- _Dataset records_
▼

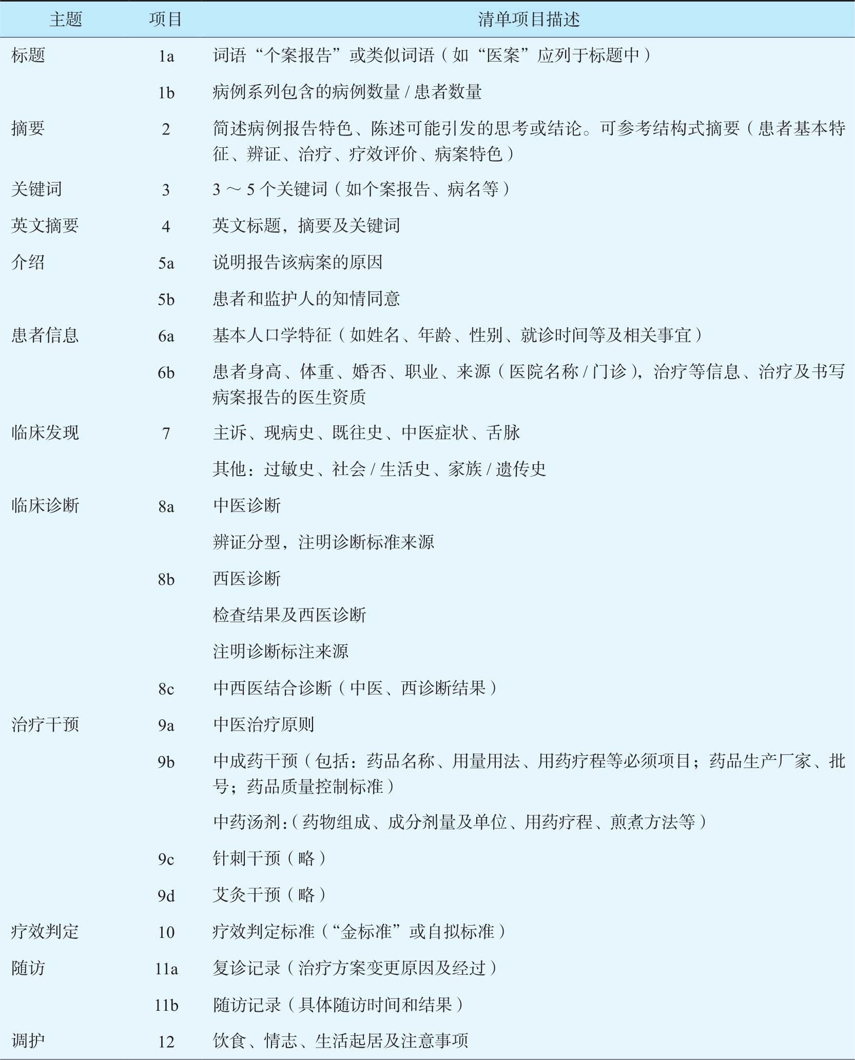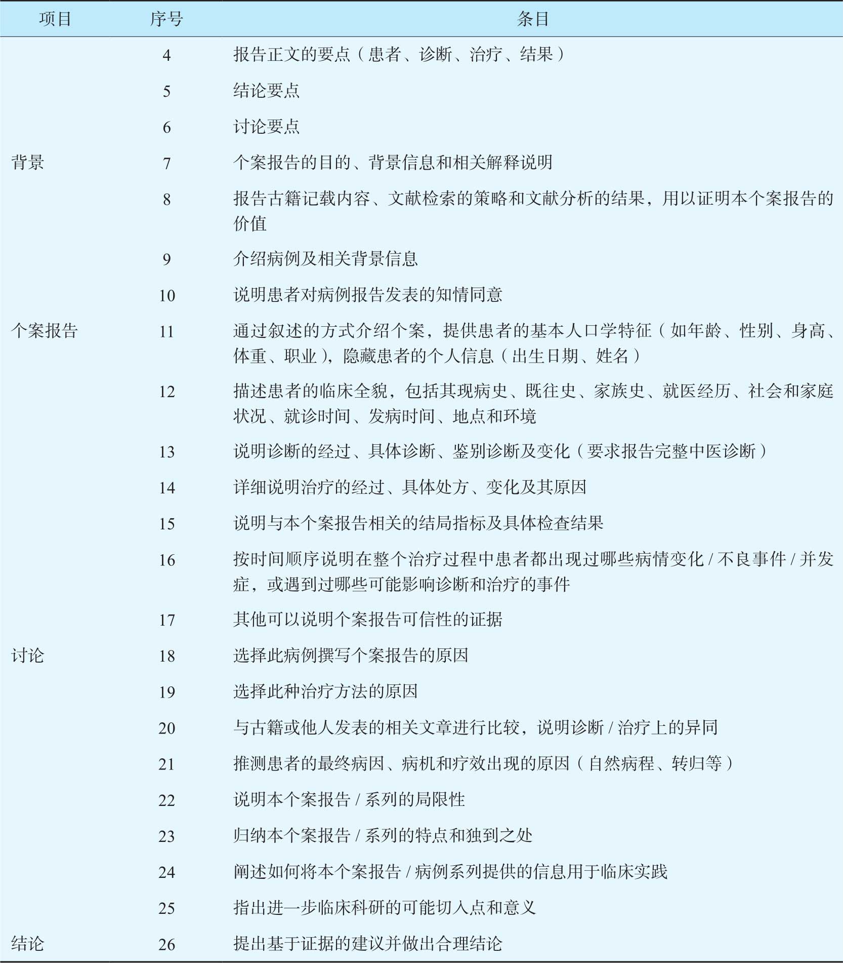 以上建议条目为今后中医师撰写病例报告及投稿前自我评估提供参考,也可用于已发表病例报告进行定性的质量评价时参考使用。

▲
▼

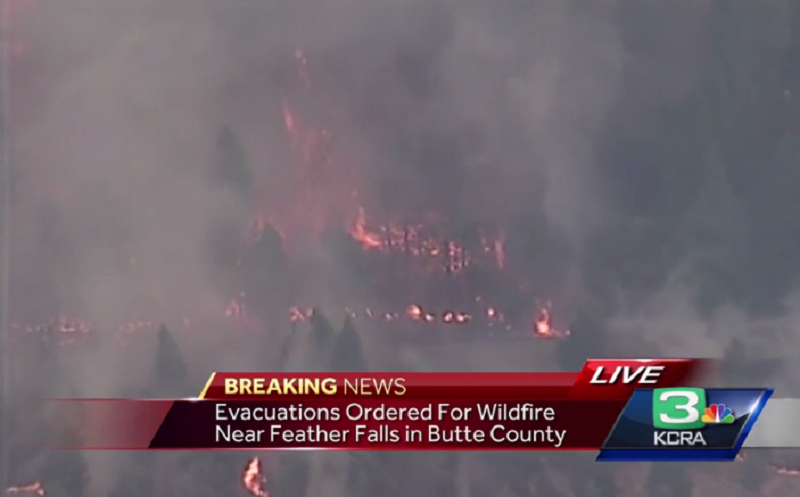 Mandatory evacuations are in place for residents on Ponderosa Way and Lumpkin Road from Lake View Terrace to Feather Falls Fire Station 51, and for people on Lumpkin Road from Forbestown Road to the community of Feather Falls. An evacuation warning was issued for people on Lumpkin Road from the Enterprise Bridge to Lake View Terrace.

▲
▼

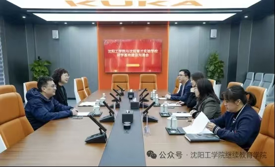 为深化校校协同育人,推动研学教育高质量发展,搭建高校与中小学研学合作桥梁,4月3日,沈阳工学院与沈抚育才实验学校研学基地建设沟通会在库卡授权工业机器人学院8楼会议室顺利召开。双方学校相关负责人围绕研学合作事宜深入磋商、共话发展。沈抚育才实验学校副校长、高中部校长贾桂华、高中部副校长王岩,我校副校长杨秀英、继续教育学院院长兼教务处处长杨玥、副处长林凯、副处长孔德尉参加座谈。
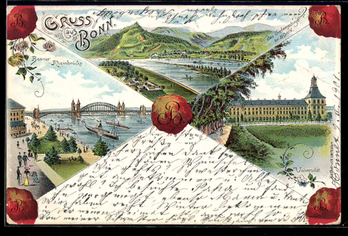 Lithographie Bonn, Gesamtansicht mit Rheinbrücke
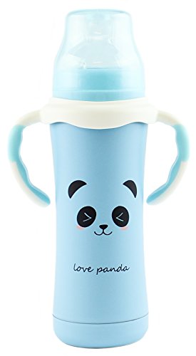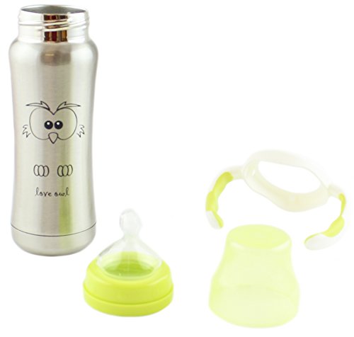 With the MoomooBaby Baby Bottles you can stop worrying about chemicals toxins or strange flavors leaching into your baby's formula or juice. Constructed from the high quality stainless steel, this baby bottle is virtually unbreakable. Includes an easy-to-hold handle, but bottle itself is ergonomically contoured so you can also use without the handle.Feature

▲

- _What is needed_
When you reach the line with "Lithographie Bonn, Gesamtansicht" in the records above, start writing out each line exactly, and stop after the line with "With the MoomooBaby". Pictures stay out.

- _Completed task_
 Lithographie Bonn, Gesamtansicht mit Rheinbrücke
 With the MoomooBaby Baby Bottles you can stop worrying about chemicals toxins or strange flavors leaching into your baby's formula or juice. Constructed from the high quality stainless steel, this baby bottle is virtually unbreakable. Includes an easy-to-hold handle, but bottle itself is ergonomically contoured so you can also use without the handle.Feature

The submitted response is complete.